A year passed.
Time moved differently here. Not by calendars or clocks, but by the height of trees, the birth of children, the rhythm of rain and drought, the ripening of grain, the steady strength of the evening fires. A year since the comet burned away the old world and made room for something new. Since Chief Tumo vanished and, from the ashes, a different kind of power took root. Order. Knowledge. Purpose.
The settlement, once squeezed between trees, now stretched in a wide arc from the river to the blackened edge of the burned forest. Where fragile lean-tos had once leaned into the wind, solid homes stood built from packed earth, fired brick, and heavy timber. Stone paths wound between them. A fence of woven branches and stacked rock guarded against animals and watchful strangers. There was a rough beauty to it all. Everything built by hand. Everything paid for in sweat. Everything meant to last.
They called themselves Agha. The name was no longer a sound shouted by a child. It carried weight now.
At first newcomers arrived alone. Wanderers. Exiles. Women tired of being treated like property. Then families. Then whole neighboring groups drawn by stories of the man with ash-colored hair who had walked out of falling fire and refused to die.

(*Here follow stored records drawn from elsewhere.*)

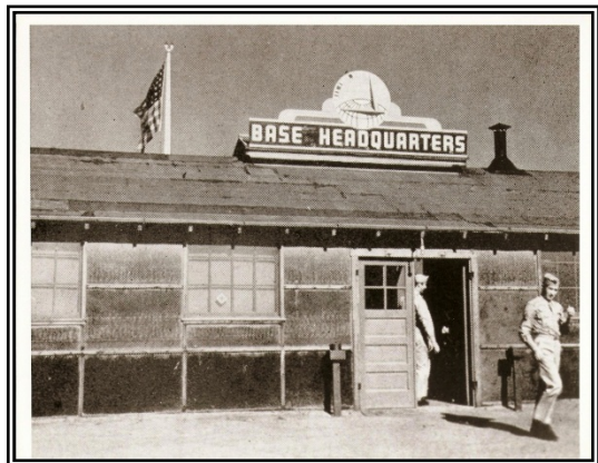
Figure 10: The First Base Headquarters on Fairfield-Suisun AAB c. 1943.

attack on Pearl Harbor as a home for medium bombers and fighters assigned to defend the West Coast. The first runway and temporary buildings were constructed by the Army Corps of Engineers in the summer of 1942. They were used initially by Army and Navy fighter planes for takeoff and landing practice. For a few months, the outline of an aircraft carrier's deck was painted on the runway to help newly-commissioned Navy pilots practice landings. The strong local prevailing winds nearly duplicated those at sea.
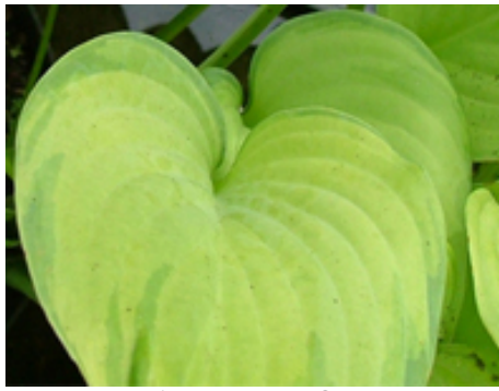
American Hosta Growers 'Hosta of the Year' 2002.

It is another excellent grower, which improves with maturity, and has produced some very notable sports:
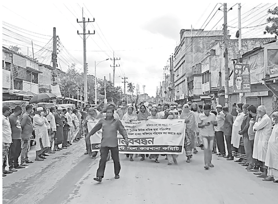
Temporary workers of closed state-run jute mills demonstrated in front of Khalishpur Jute Mill on Khulna city's BIDD Road yesterday, demanding resumption of all such mills under government initiative.

More than 32,000 substitute and temporary workers of the closed jute mills were denied compensation packages though many of them had worked at the mills for decades.
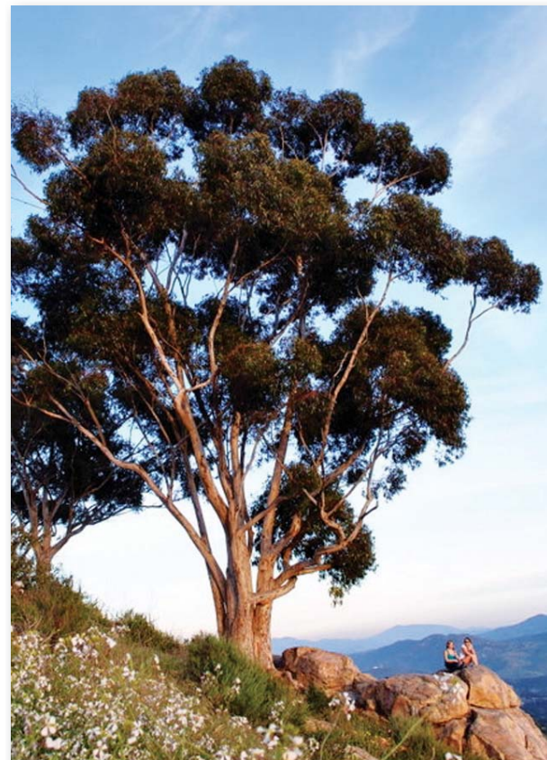
A view from Mt. Helix enjoyed by generations of Park visitors.

NON-PROFIT ORG. U.S. POSTAGE PAID San Diego Permit 906
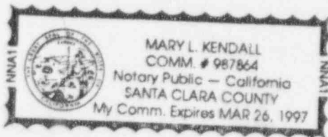
Notary Public, State of California
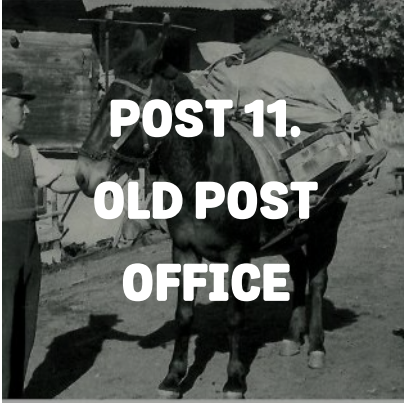
POST 11. OLD POST OFFICE
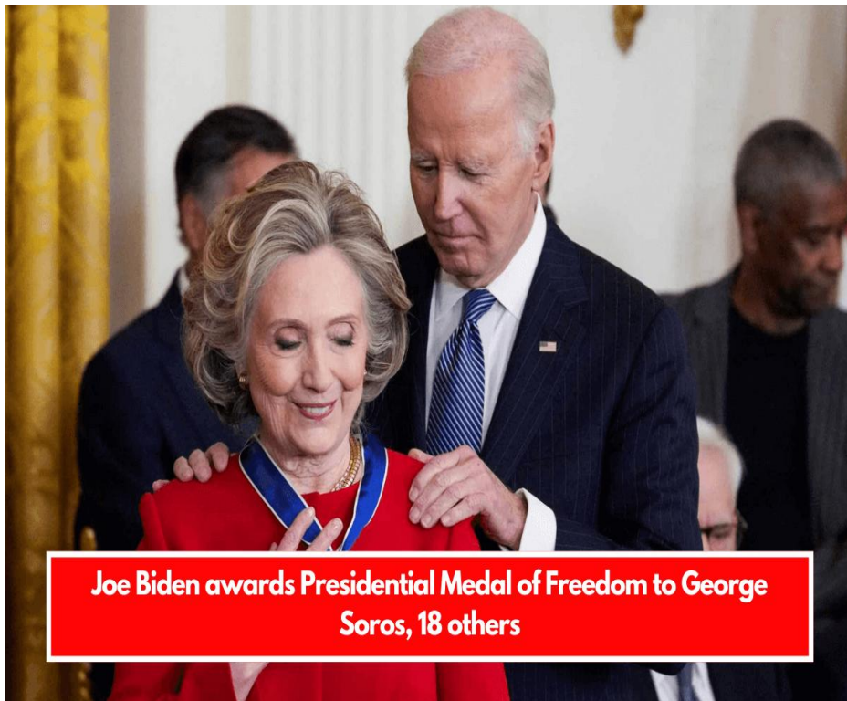
Joe Biden awards Presidential Medal of Freedom to George Soros, 18 others
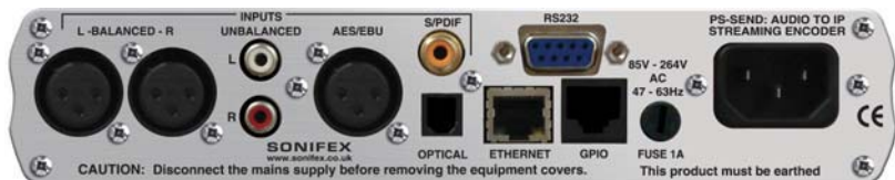
Fig 2-5: PS-SEND Rear Panel.

All the audio connectors together with the ethernet, serial and GPI/O connectors are found on the rear panel of the unit. All the audio connections are inputs on this unit.
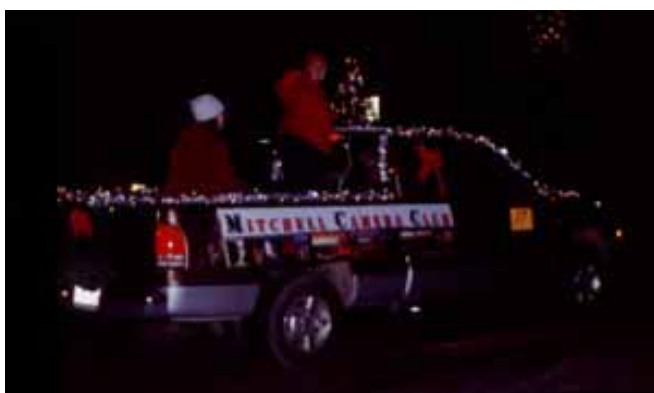
Finally on there way down the parade route!
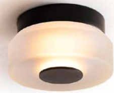
Frosted/Matte Black TAK-PC01-GLF1-SH

They did not fight him. They joined.
The settlement grew to fifty souls. For this time, it was enormous. Fifteen were hunters trained by Dan. Archers. Trackers. Fighters who understood discipline and worked as a unit. By the standards of their age, they were an army. They called themselves the Fang of Agha. They had not lost a battle, though so far there had been none. Only patrols. Only lines drawn quietly in the dirt. Still, everyone felt where things were heading.
Crafts that began with crude clay took shape. Dan did not do everything himself. He taught. Explained. Passed knowledge on. Some hands proved steadier than others. Woodworkers. Leatherworkers. Weavers. Bone carvers. Not masters yet, but skilled enough to change daily life.
The true breakthrough came from stone.
A few hours’ walk from the settlement, along a slope littered with scree, Dan had noticed unusual rocks threaded with green and red veins that pushed from the soil like the ribs of some long-dead beast. He had gone there often for flint and to scout the land. Each time those veins caught his eye.
He was no geologist. He had been a military doctor once, practical to the bone, but endlessly curious. In his former life he had spent too many nights falling down online rabbit holes. Ancient arrowheads. Primitive smelting. Simple bloomery furnaces built in forests by people with patience and dirt under their nails. The knowledge had been scattered, half forgotten.
Now one of those old images snapped into focus.
Copper.
His first attempt was clumsy. He tossed chunks of ore straight into the heart of a bonfire and fed it all night, stirring coals, waiting for a pool of molten metal to appear. By morning he found only cracked, scorched stone.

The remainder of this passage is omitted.